▶ [Provided records]
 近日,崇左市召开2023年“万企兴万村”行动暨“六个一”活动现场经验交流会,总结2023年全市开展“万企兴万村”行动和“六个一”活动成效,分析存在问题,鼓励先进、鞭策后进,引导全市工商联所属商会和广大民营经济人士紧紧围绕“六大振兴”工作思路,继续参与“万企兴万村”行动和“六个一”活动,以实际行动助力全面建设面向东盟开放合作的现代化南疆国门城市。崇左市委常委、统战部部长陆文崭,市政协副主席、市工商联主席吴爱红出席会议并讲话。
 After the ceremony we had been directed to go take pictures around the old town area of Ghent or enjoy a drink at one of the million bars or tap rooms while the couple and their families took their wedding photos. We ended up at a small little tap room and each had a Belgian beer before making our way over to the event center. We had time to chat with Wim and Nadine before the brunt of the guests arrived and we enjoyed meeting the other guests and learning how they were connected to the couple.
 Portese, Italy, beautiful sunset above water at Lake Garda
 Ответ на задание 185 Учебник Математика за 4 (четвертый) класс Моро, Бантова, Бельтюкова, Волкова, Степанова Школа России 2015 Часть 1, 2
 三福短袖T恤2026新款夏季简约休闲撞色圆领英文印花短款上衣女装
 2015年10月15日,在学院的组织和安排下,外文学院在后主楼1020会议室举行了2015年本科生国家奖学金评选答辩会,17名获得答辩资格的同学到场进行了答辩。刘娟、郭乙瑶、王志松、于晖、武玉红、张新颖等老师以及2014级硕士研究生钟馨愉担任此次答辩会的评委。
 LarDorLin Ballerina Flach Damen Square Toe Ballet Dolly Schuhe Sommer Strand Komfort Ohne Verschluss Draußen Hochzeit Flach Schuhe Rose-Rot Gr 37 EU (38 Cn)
* * *
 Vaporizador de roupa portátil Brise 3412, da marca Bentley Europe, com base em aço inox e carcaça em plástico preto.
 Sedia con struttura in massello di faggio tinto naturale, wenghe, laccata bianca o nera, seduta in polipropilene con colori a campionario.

▶ [What the task asks] Could you write out, exactly as they stand, only the lines above that begin at the line with "三福短袖T恤2026新款夏季简约休闲撞色圆领英文印花短款上衣女装" and stop after the line with "LarDorLin Ballerina Flach"?

▶ [Task response]
 三福短袖T恤2026新款夏季简约休闲撞色圆领英文印花短款上衣女装
 2015年10月15日,在学院的组织和安排下,外文学院在后主楼1020会议室举行了2015年本科生国家奖学金评选答辩会,17名获得答辩资格的同学到场进行了答辩。刘娟、郭乙瑶、王志松、于晖、武玉红、张新颖等老师以及2014级硕士研究生钟馨愉担任此次答辩会的评委。
 LarDorLin Ballerina Flach Damen Square Toe Ballet Dolly Schuhe Sommer Strand Komfort Ohne Verschluss Draußen Hochzeit Flach Schuhe Rose-Rot Gr 37 EU (38 Cn)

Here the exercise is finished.